Hi /r/HomeNetworking,
I sort of understand a VPN server: usually I have a router, it talks to my ISP (which is sort of a big super-router) and my packets get sent outward to their ISP addresses; when they arrive the destination knows they came from my ISP. For a VPN, those packets go to a specific destination location first (the VPN server), and from there they go to their actual intended destination. So that when they arrive at their destination, the destination thinks they came from the VPN server, and not actually me. (Right?)
I understand that I can set up a home VPN server.
If I am at Starbucks, the Starbucks router can see me do banking on my iPad. But if I have a VPN server at home, my packets go to my home internet connection, then to the bank; Starbucks just sees me talking to my home VPN, and then I have a measure of safety.
What I don’t get is how this is set up. How can my home internet connection become a server. Don’t I need a static IP address or a website URL for someone outside my home connection, to see it? How does my IP traffic at Starbucks go back to my home router, unless I set up my home connection as a server with its own IP address or web URL? (or is this how it’s done?)
I’m confused… because I am aware whenever I connect to my ISP, in general the IP address I am assigned, is not static, so how can I find my VPN? (edit for clarity)
thanks much
First off you’ll need a router that supports acting as a VPN server. (or your own home server)
Secondly you’ll need a public facing IP-address, if you’re behind carrier grade NAT it won’t work (aka. CGNAT). A static IP is preferable but not necessary since you can bypass it with DDNS.
How to setup openvpn https://openvpn.net/community-resources/how-to/
What is DDNS https://www.lifewire.com/definition-of-dynamic-dns-816294
What is CGNAT https://en.wikipedia.org/wiki/Carrier-grade_NAT
Finally, even if Starbucks can see your banking it doesn’t really matter since it’s encrypted.
They can only see that you connect too the bank not get any information. It’d be if you were browsing things that are more personal you’d really want a VPN service. It also does give an extra layer of protection for other malicious things like MITM (man in the middle) attacks so I’m hardly discouraging it but the reason you’d want it is not to hide your banking or other encrypted traffic from Starbucks.

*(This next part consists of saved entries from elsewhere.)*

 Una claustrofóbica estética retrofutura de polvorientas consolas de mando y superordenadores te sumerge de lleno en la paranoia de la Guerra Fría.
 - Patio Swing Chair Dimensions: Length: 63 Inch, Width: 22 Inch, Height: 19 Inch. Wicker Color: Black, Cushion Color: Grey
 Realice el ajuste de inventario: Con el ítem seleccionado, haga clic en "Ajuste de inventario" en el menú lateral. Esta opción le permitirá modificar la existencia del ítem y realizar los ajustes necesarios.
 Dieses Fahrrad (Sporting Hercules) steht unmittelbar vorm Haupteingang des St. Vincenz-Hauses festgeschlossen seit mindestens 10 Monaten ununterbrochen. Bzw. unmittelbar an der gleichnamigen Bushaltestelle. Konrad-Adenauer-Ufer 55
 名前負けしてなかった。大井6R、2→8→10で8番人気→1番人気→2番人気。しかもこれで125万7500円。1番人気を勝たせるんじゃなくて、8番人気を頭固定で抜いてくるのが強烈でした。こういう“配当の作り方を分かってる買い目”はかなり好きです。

What is HTTPS and why does it matter to your question https://www.cloudflare.com/learning/ssl/what-is-https/
You can use a dynamic DNS service like NoIP. What this does is allow you to use yourdomain.com and will change DNS records if your IP ever changes. So you don’t need a static IP.
Please understand I genuinely want to help… So…

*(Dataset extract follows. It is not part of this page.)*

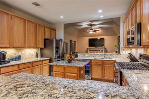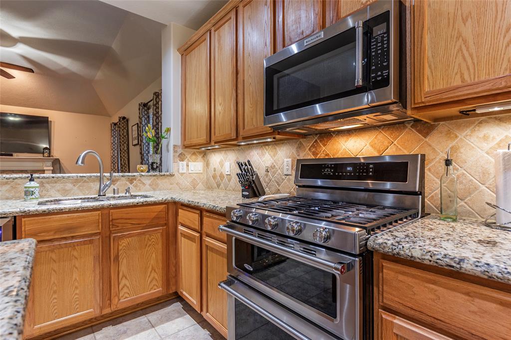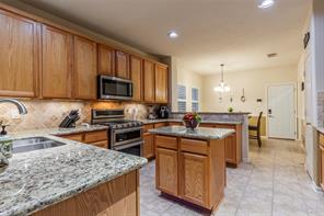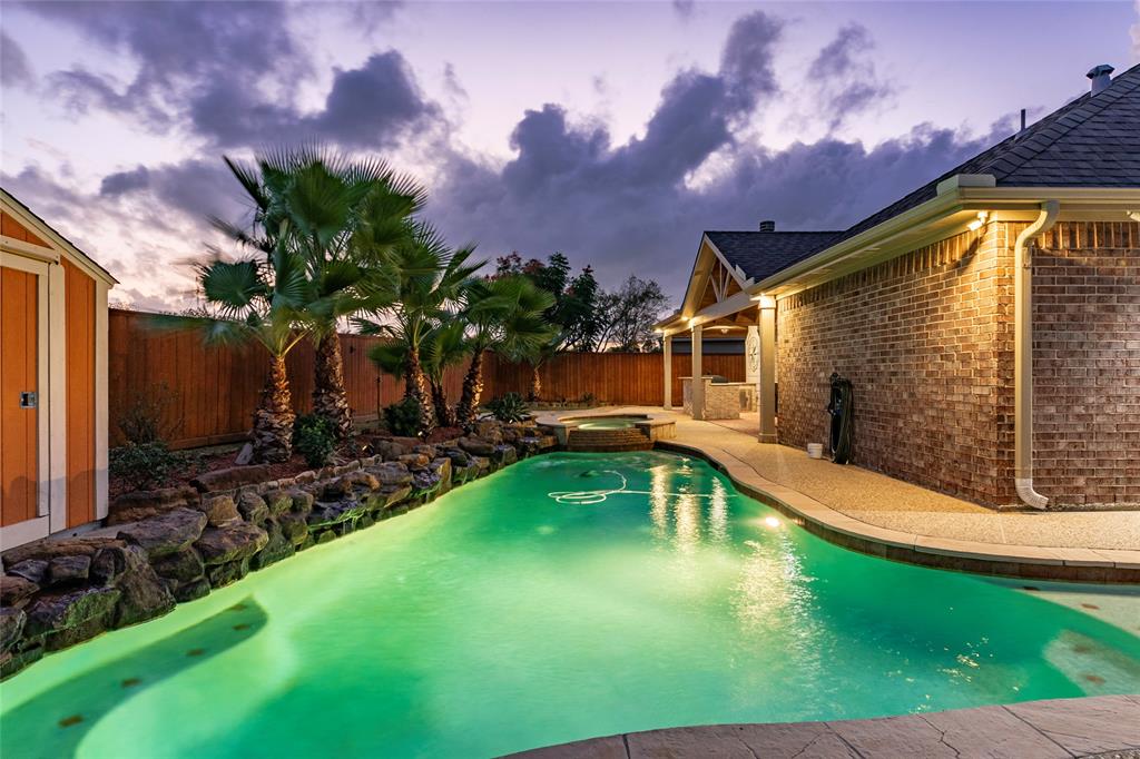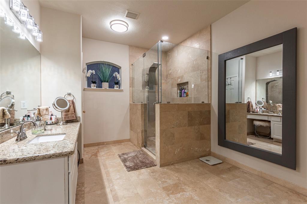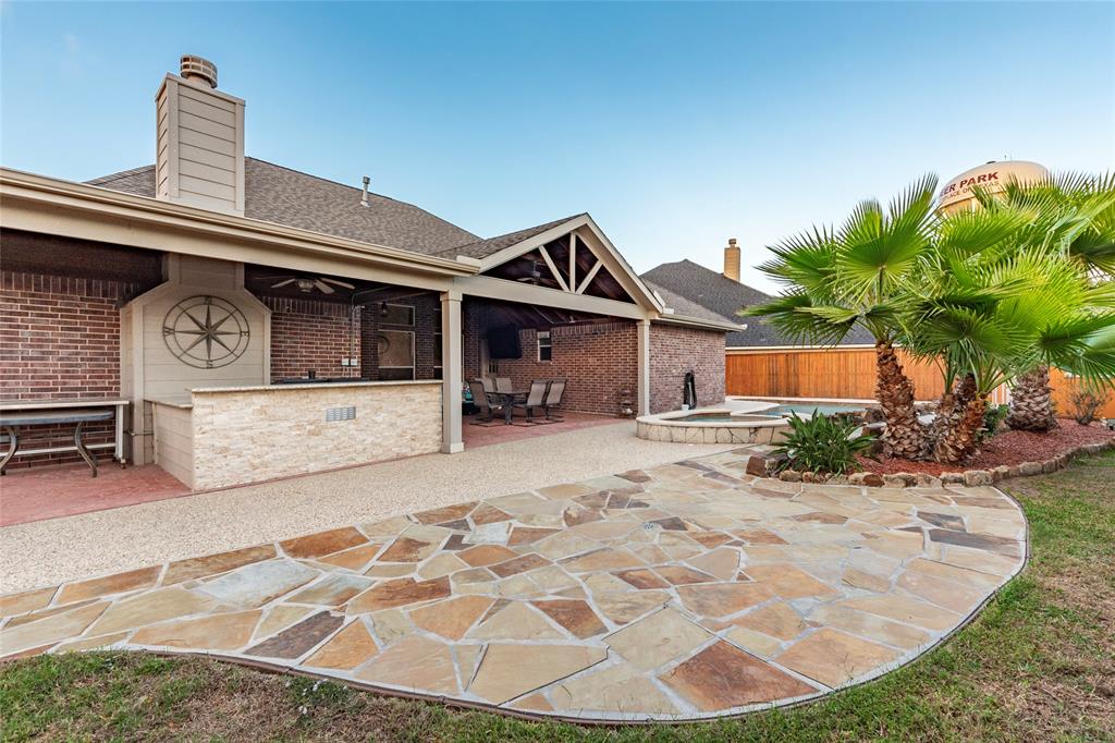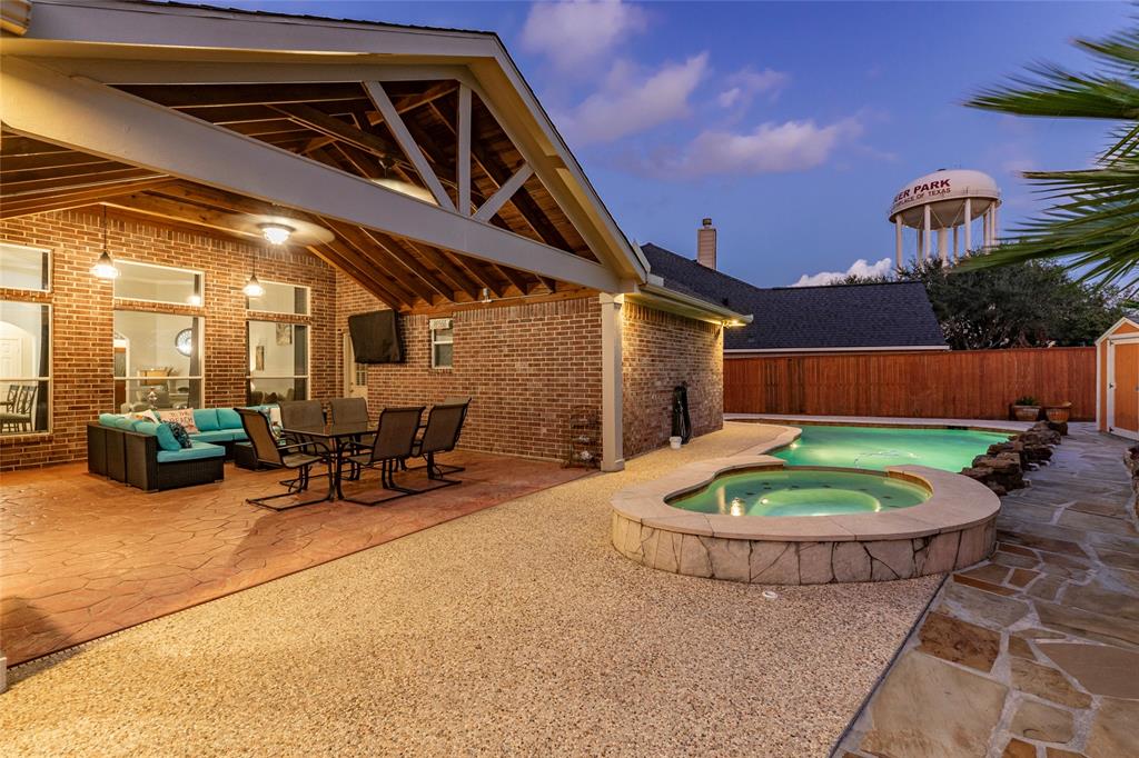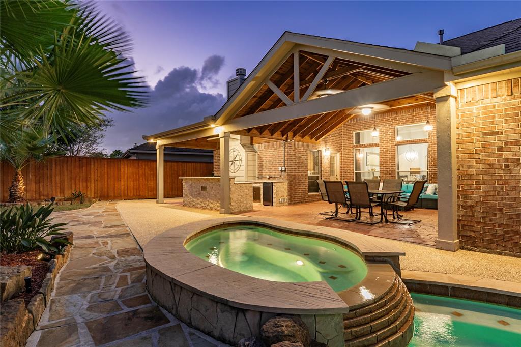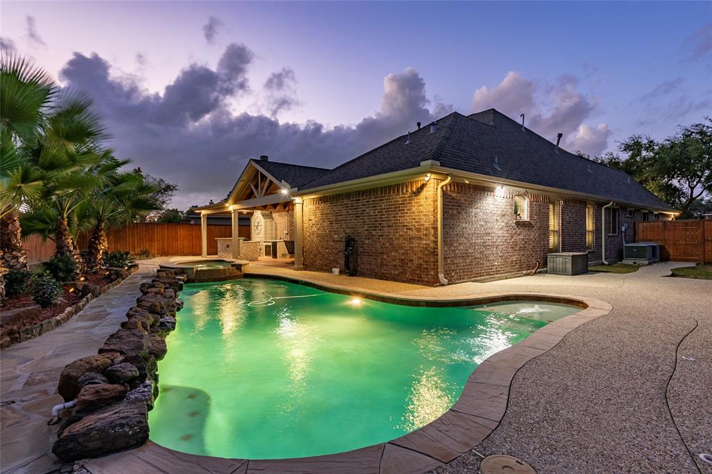 Your backyard oasis is awaiting! Summers are more enjoyable while on this amazing patio. With a saltwater pool, custom outdoors kitchen and the privacy of having no back neighbors, your gatherings, or just any given time here will be just perfect. This lovely home offers a large primary bedroom that connects to another room, perfect for a nursery or home office. A massive primary bathroom with custom shower, his and hers sinks.This, along with the other two bathrooms, have been completely, tastefully remodeled with travertine floors and shower walls, granite countertops, LED lights, and frameless glass doors. Roof replaced about 3 years ago.AC units less than 3 years. Pool pump upgraded about 1 year ago, tankless / on-demand water heater installed less than 1 year ago, along several other upgrades.

Think of a normal connection to net over a public access point as a rope. Let a knot in the rope be the access point/router.
Ants traveling across the rope a can be seen by all very easily.
Now imagine a straw, and traveling through the straw can’t be seen by anything else.
In this analogy the ants are network packets, the straw is a VPN.
It’s this kind of idea that the term Tunnell comes from.
Your home does have an IP address. How else could it be connected to anything else? Hopefully it’s an addressable address.
You can also use a domain name (not a URL, but that’s what you meant). You don’t have to be special to own a domain. They’re like $10 a year and once you own the domain, you can make as many sub domains as you want. Technically every host on my network has a fully qualified domain name, but few are accessible from the outside (by design, I don’t need to expose my entire network to the rest of the world). I access my VPN via its name.
I’m confused… because I am aware whenever I connect to my ISP, in general the IP address I am assigned, is not static, so how can I find my VPN? (edit for clarity)
Either you request (and generally pay for) a static IP address, or you use a DNS service like noip.com.
With CGNAT you can connect your router (acting as VPN client) to a VPS (acting as VPN server) and route incoming traffic on VPS to your router. It’s a little bit ugly but for my exemple i’ve only 4G at home and it’s my only option.
Or simply use IPv6 which your provider hopefully provides when doing CGNAT.